═════ SUPPLIED DATA
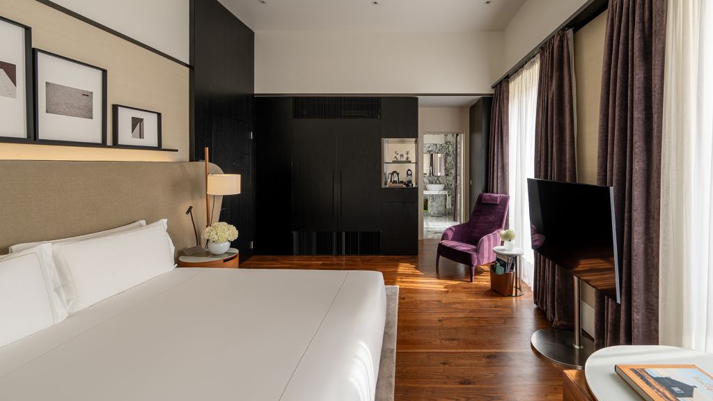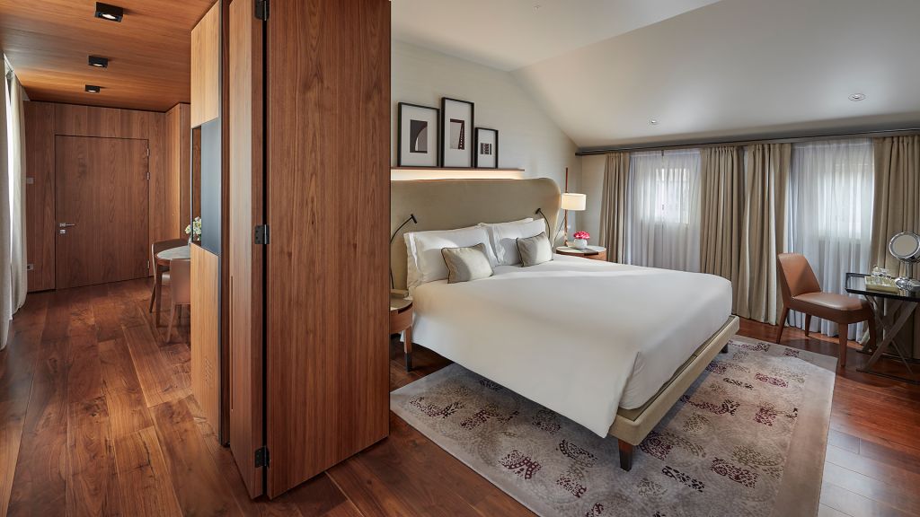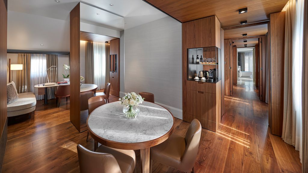 Elegantly appointed with custom-designed furniture, walnut wardrobes and wooden floors, these spacious connecting suites feature two large bedrooms. Adjoining these is a spacious living room, offering space in which to relax and entertain.
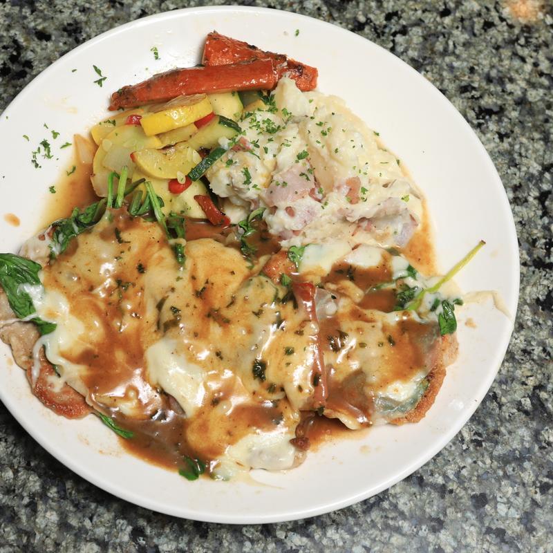 Veal scallopini with Marsala wine, mozzarella cheese, prosciutto di Parma, and spinach served with mashed potatoes
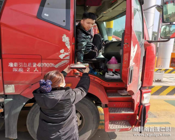 凌晨4点左右,接高速交警及信息分中心通知,因大雾天气,进贤站封闭所有入口车道,陆陆续续,收费外广场滞留了大批车辆,车上司乘焦躁不安。该站工作人员及时行动,紧急启动应急预案,工作人员有的手里拿着纸杯,有的送上简餐,有的手里提着暖瓶,将一杯杯热水倒入司乘人员的杯中。
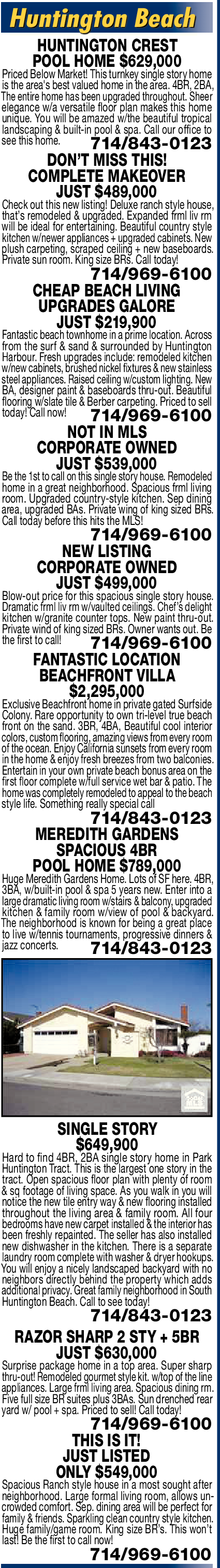 FANTASTIC LOCATION BEACHFRONT VILLA $2,295,000 Exclusive Beachfront home in private gated Surfside Colony. Rare opportunity to own tri-level true beach front on the sand. 3BR, 4BA, Beautiful cool interior colors, custom flooring, amazing views from every room of the ocean. Enjoy California sunsets from every room in the home & enjoy fresh breezes from two balconies. Entertain in your own private beach bonus area on the first floor complete w/full service wet bar & patio. The home was completely remodeled to appeal to the beach style life. Something really special call 714/843-0123 MEREDITH GARDENS
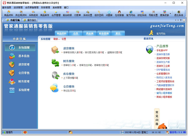 营家通服装销售管理软件是专门针对服装销售市场的软件,对于服装行业,小规模个体户来说是非常好用的,管家通服装销售管理软件还支持服装行业的名个岗位使用。
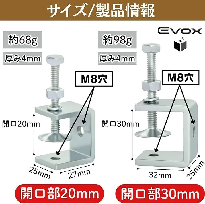 「サイズ/商品詳細」*開口部20mmタイプ:幅約25mm 奥行約27mm M8の穴2か所 重さは約68g *開口部30mmタイプ:幅約25mm 奥行約32mm M8の穴2か所 重さは約98g。
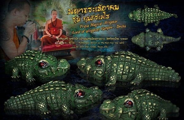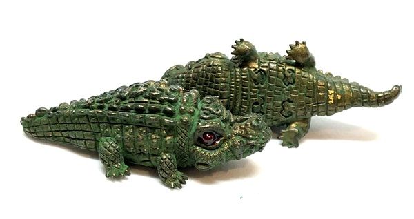 พญาจระเข้อาคม รุ่น กุมภีร์เดโช เนื้อสนิมเขียว ตาแดง KM539
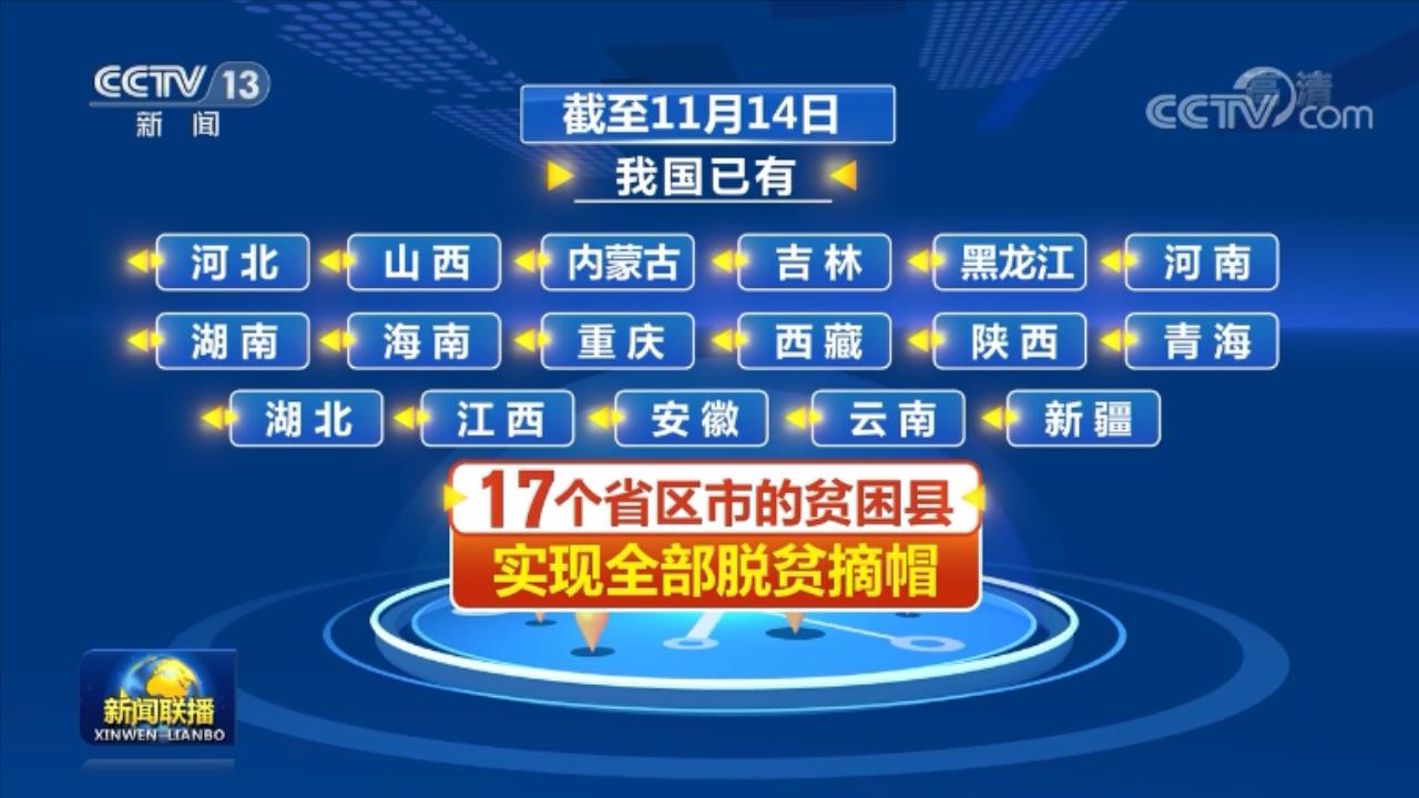 截至11月14日,我国已有河北、山西、内蒙古、吉林、黑龙江、河南、湖南、海南、重庆、西藏、陕西、青海、湖北、江西、安徽、云南、新疆等17个省区市的贫困县实现了全部脱贫摘帽。
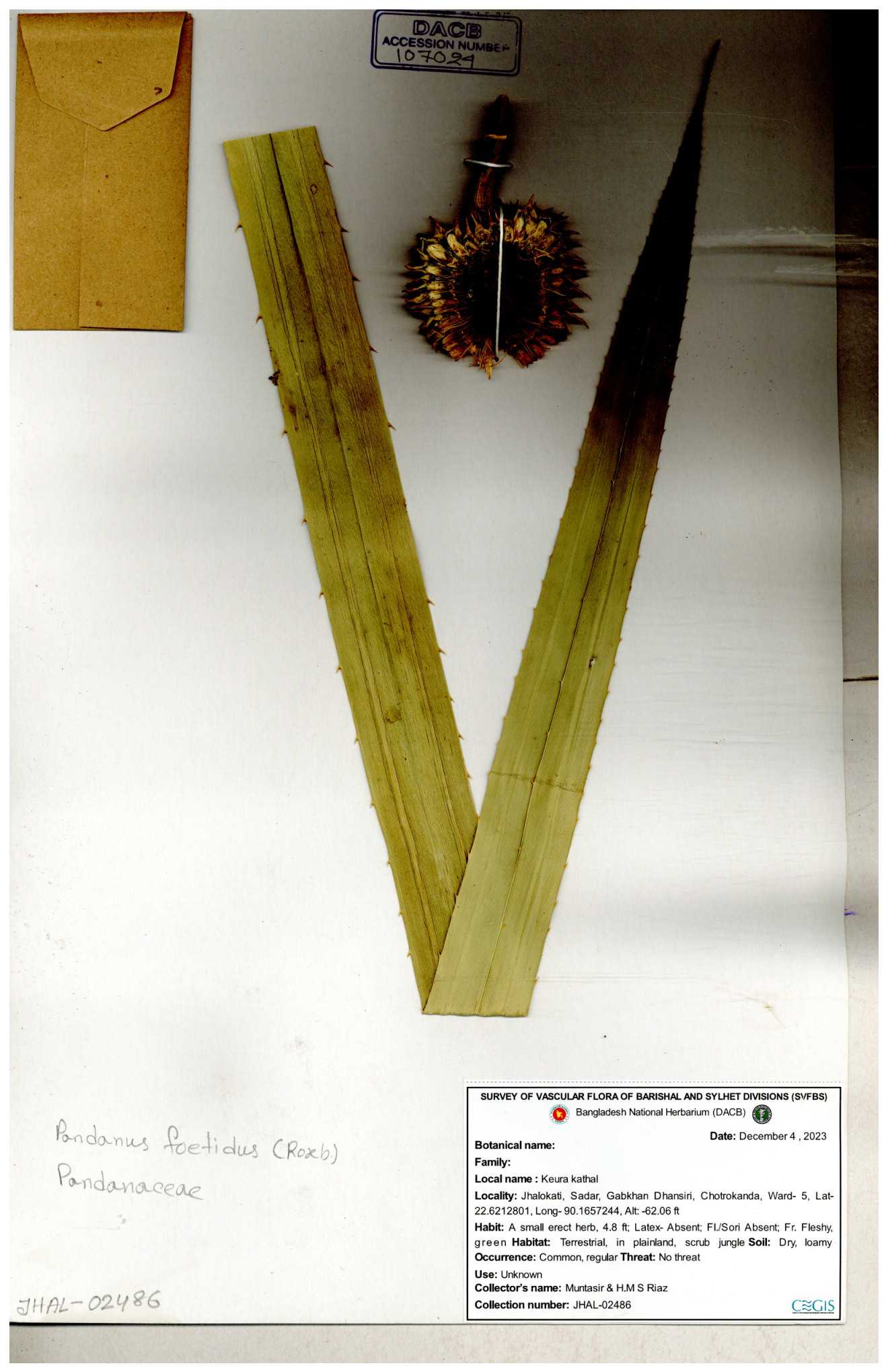 | 60063 | Pandanaceae | Pandanus foetidus Roxb. | Dr. M. Sultana | DMS-2991 14-10-2019 |
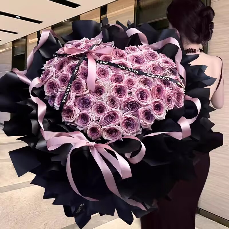 【我的天使】52朵曼塔喷色乌梅子酱花束,心形造型,花面粉色蝴蝶结/黑色英文缎带装饰。(珍贵稀少花材,请提前预订或咨询花艺师)
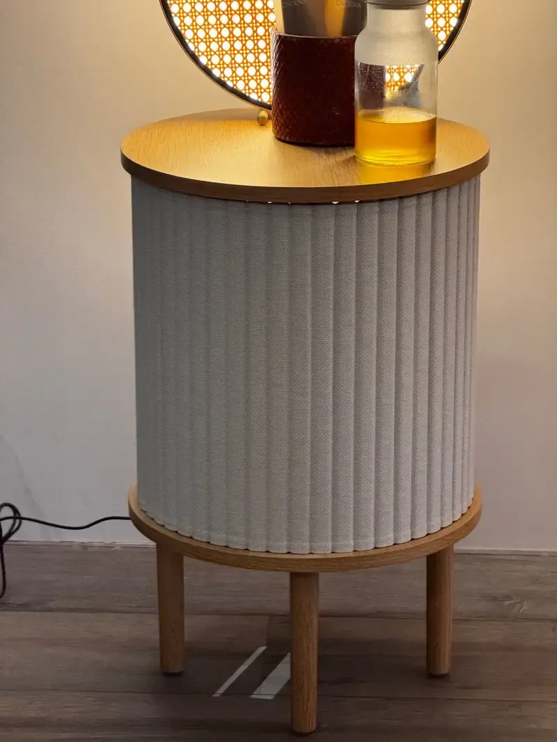 Materiali: rovere naturale e tessuto plissé
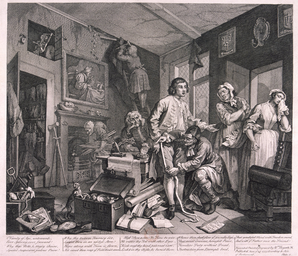'A Rake's Progress', 1735; plate I of VIII. Tom Rakewell is taking possession of his miserly father's effects. Kneeling beside him is a tailor measuring him up for a new set of clothes, whilst the rake tries to buy off Sarah Young, who stands by the door crying and holding a wedding ring, with her angry mother next to her.
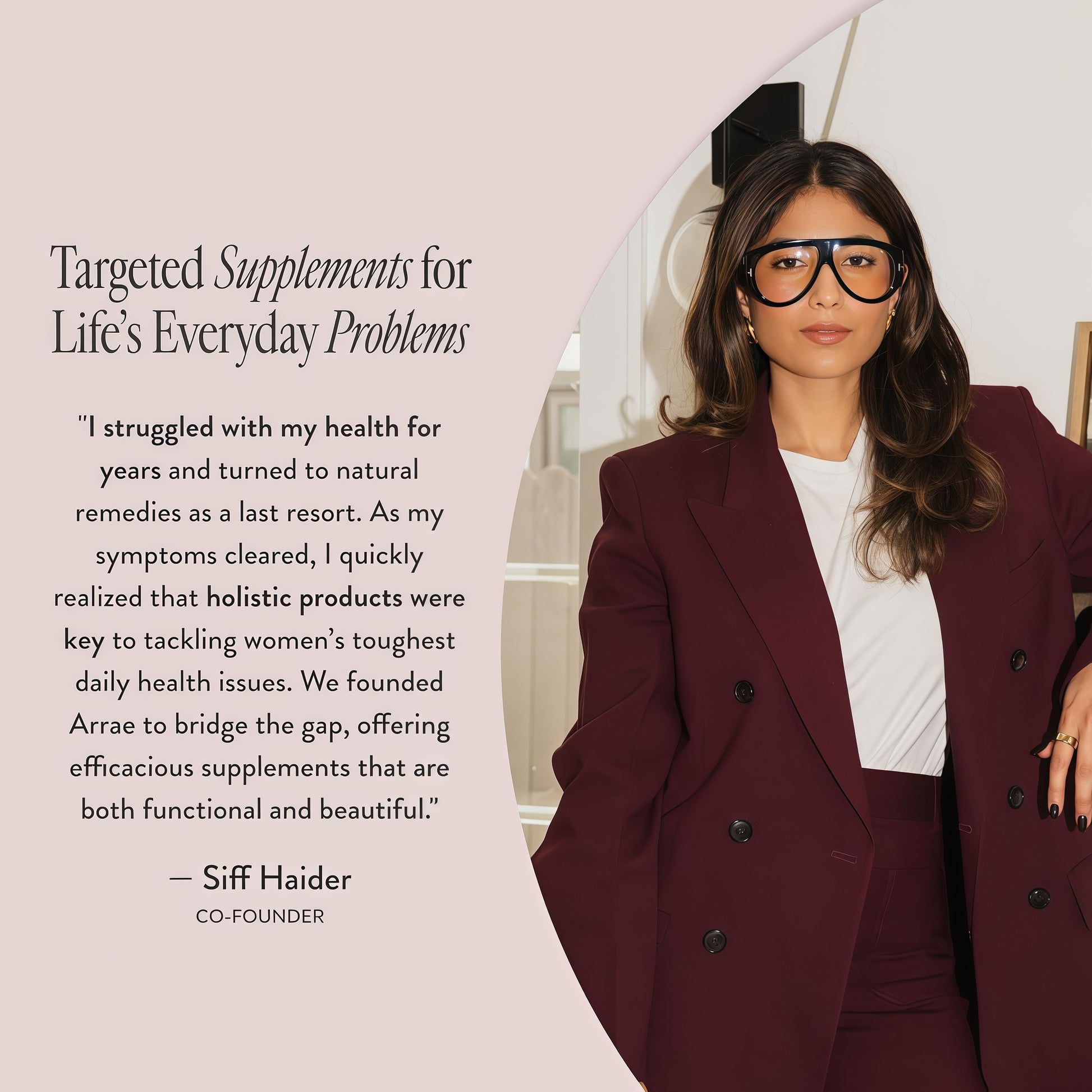 At Arrae, we're redefining what it means to feel good. Our science-backed supplements target the root cause of daily struggles like sleep, stress and metabolic dysfunction so you can show up as your best self.
══════════
● WHAT THE EXERCISE ASKS: Start at the line containing "DMS-2991 14-10-2019 |" above and stop at the line containing "Materiali: rovere naturale e tessuto plissé". Output those lines exactly, both included, but none of the pictures.

● RESPONSE:
 | 60063 | Pandanaceae | Pandanus foetidus Roxb. | Dr. M. Sultana | DMS-2991 14-10-2019 |
 【我的天使】52朵曼塔喷色乌梅子酱花束,心形造型,花面粉色蝴蝶结/黑色英文缎带装饰。(珍贵稀少花材,请提前预订或咨询花艺师)
 Materiali: rovere naturale e tessuto plissé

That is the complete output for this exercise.